SOURCE DATA
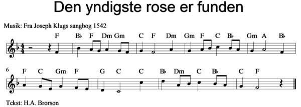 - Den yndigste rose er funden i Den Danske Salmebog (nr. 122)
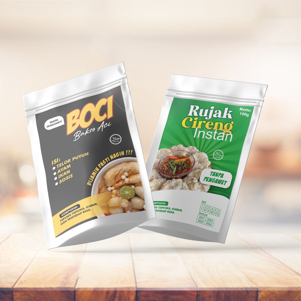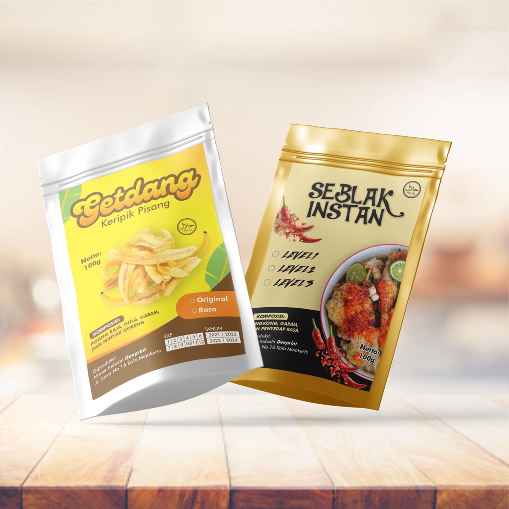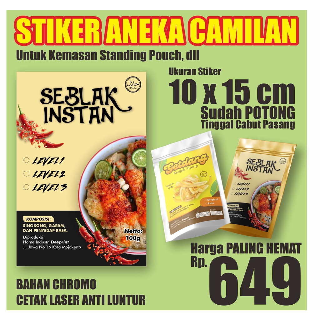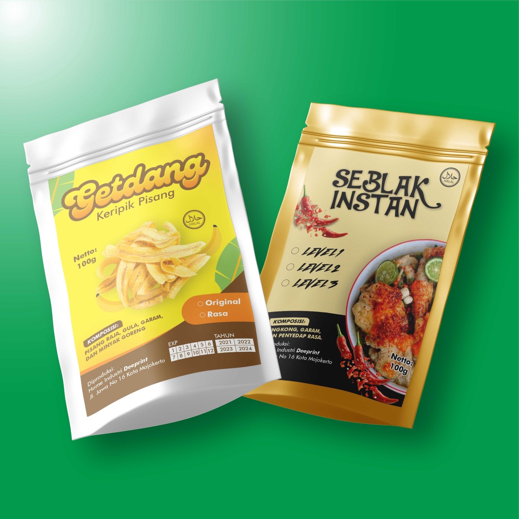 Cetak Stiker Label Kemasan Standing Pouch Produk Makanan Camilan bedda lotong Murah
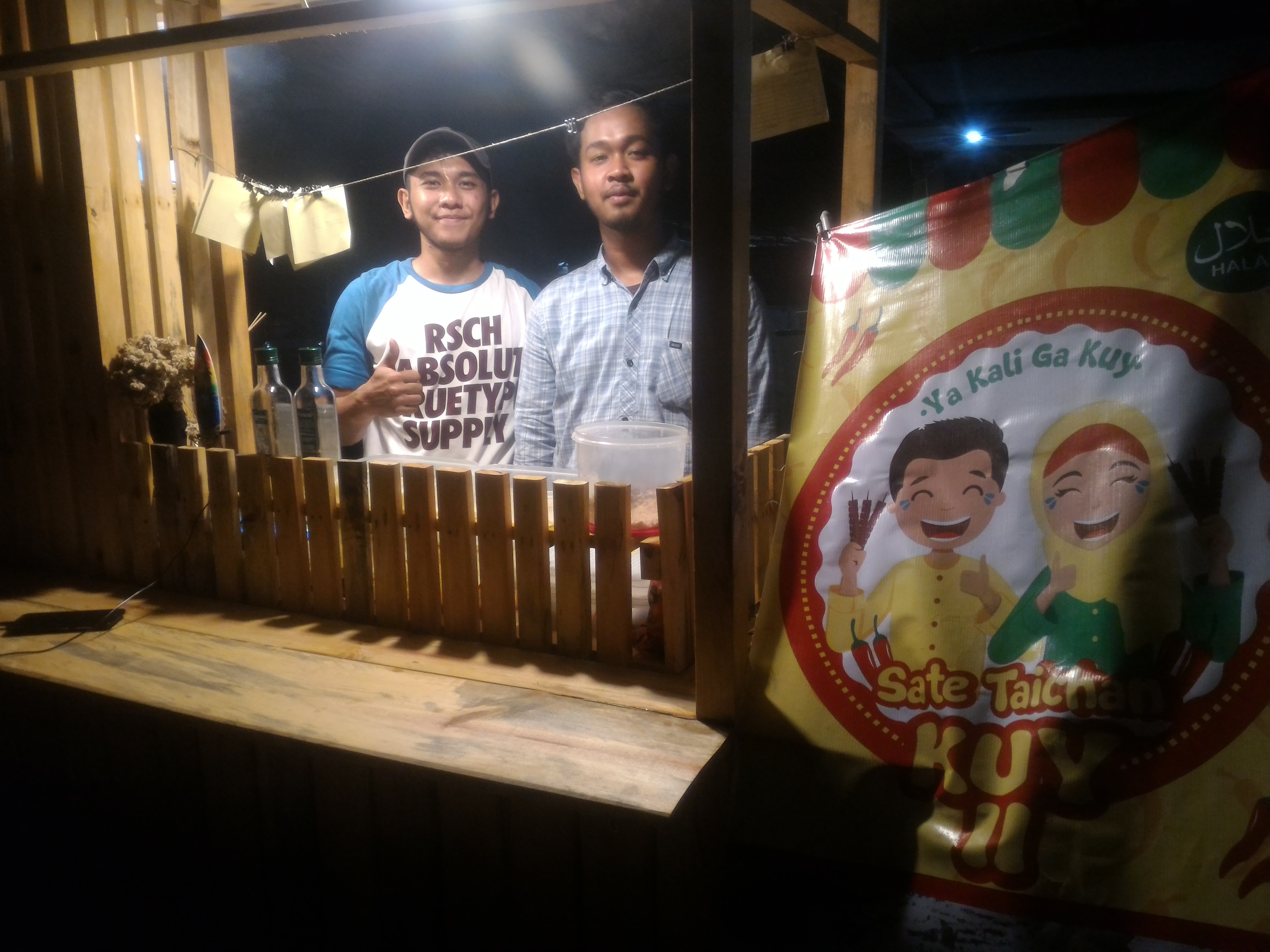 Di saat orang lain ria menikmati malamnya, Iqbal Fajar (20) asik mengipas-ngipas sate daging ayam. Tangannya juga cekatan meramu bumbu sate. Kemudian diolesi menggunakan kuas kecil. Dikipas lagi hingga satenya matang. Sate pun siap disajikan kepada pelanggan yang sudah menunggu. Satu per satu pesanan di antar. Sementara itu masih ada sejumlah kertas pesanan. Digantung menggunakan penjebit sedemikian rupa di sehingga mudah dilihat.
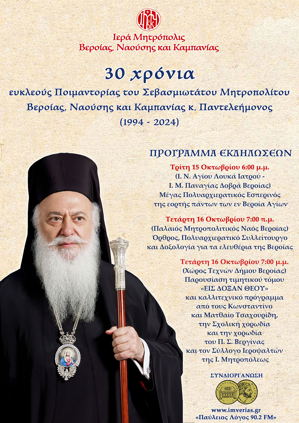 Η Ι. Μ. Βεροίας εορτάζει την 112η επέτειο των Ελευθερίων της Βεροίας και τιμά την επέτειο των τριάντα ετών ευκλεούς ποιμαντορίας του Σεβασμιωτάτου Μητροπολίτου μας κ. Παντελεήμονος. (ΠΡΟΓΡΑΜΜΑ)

--

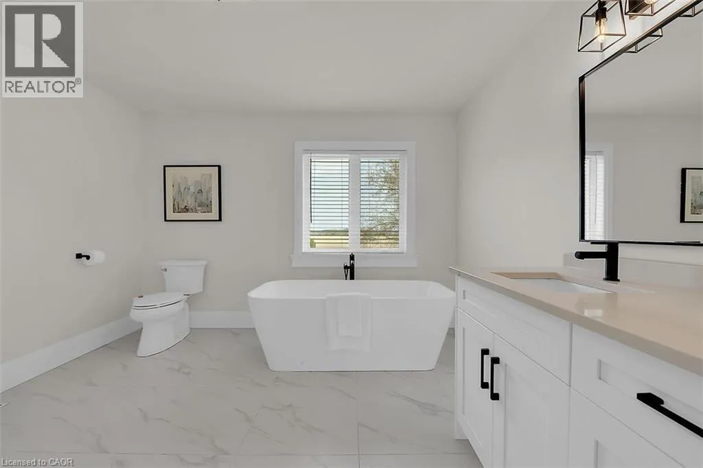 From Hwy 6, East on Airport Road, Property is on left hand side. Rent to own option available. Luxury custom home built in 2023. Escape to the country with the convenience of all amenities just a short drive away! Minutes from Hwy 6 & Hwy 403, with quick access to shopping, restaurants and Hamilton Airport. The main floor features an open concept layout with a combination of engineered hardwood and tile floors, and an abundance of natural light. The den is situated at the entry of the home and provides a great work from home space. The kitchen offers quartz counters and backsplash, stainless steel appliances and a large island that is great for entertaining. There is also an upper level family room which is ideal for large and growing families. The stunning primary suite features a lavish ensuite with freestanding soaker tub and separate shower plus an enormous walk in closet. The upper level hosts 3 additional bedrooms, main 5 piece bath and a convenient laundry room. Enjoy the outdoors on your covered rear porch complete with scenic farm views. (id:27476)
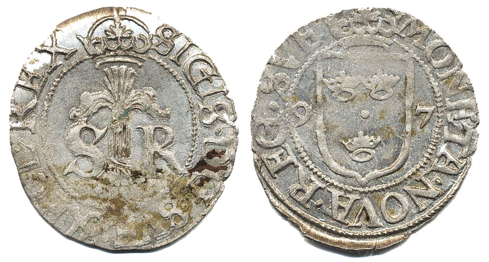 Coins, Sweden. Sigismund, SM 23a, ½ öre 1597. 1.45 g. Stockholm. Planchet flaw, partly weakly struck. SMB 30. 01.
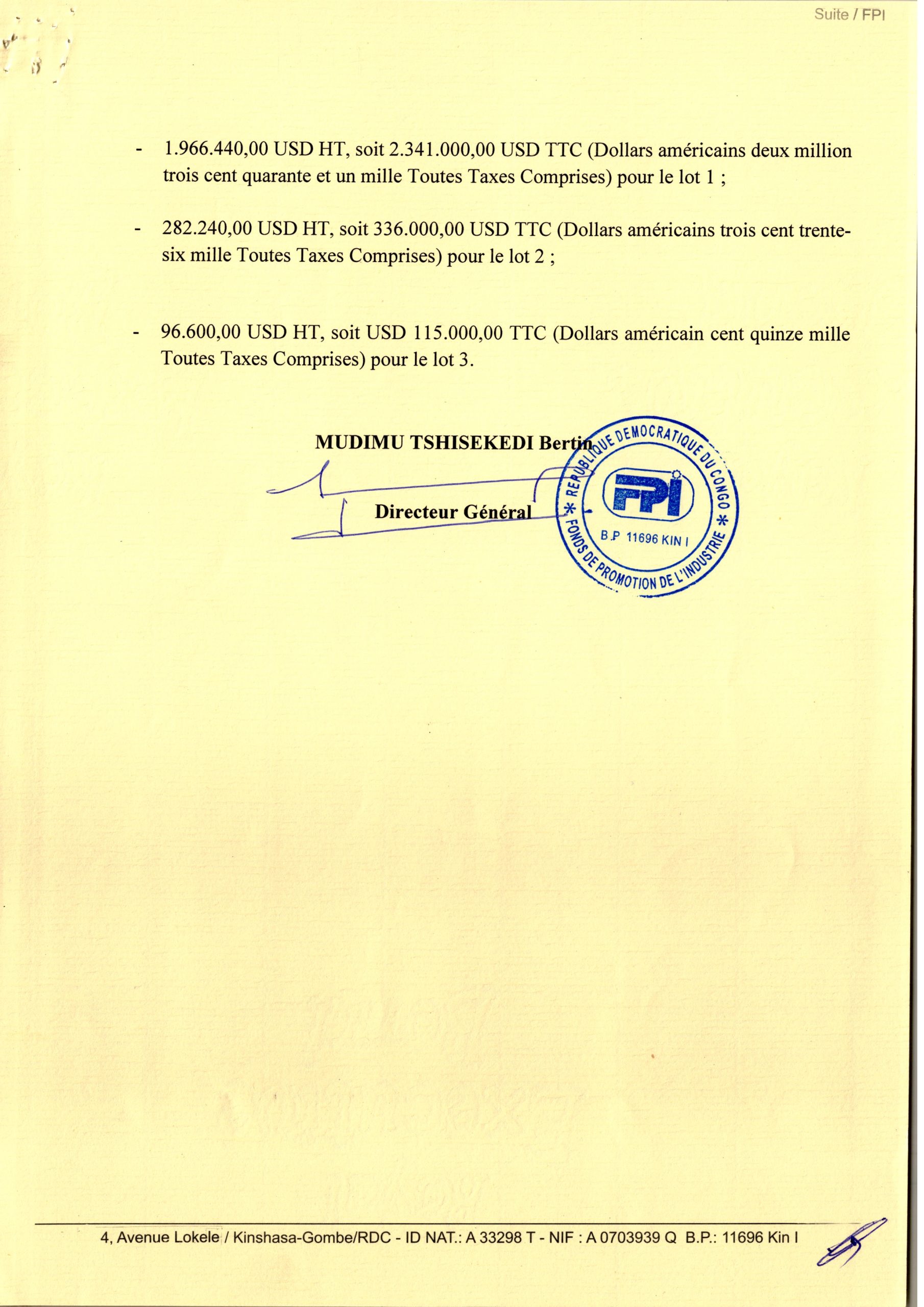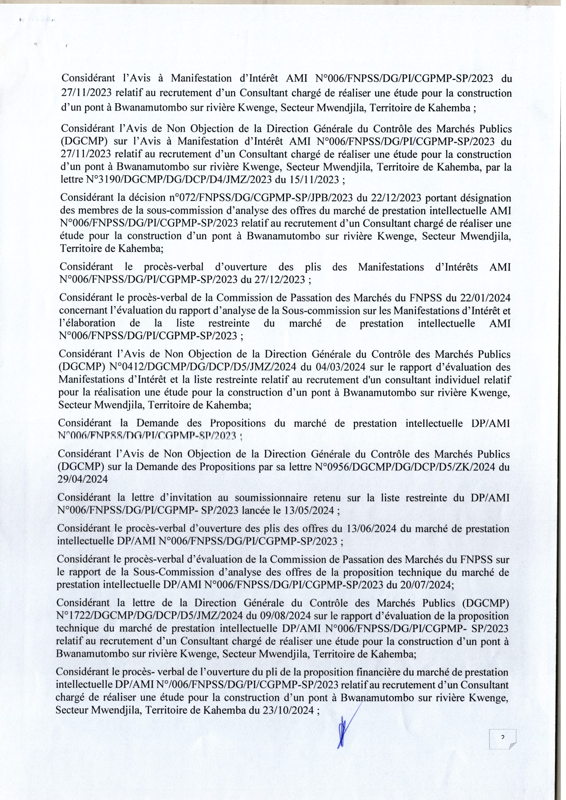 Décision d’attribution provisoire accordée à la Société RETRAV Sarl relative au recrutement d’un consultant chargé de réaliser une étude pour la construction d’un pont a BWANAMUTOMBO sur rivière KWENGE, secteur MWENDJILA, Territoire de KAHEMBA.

==

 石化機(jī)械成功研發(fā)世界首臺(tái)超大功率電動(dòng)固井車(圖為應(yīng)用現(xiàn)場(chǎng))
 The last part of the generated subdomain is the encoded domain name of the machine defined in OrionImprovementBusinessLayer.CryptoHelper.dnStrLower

WORK INSTRUCTION
When you reach the line holding "- Den yndigste" in the listing above, begin retyping exactly, and stop once the line holding "Cetak Stiker Label" is done; pictures stay out.

SOLVED EXERCISE
 - Den yndigste rose er funden i Den Danske Salmebog (nr. 122)
 Cetak Stiker Label Kemasan Standing Pouch Produk Makanan Camilan bedda lotong Murah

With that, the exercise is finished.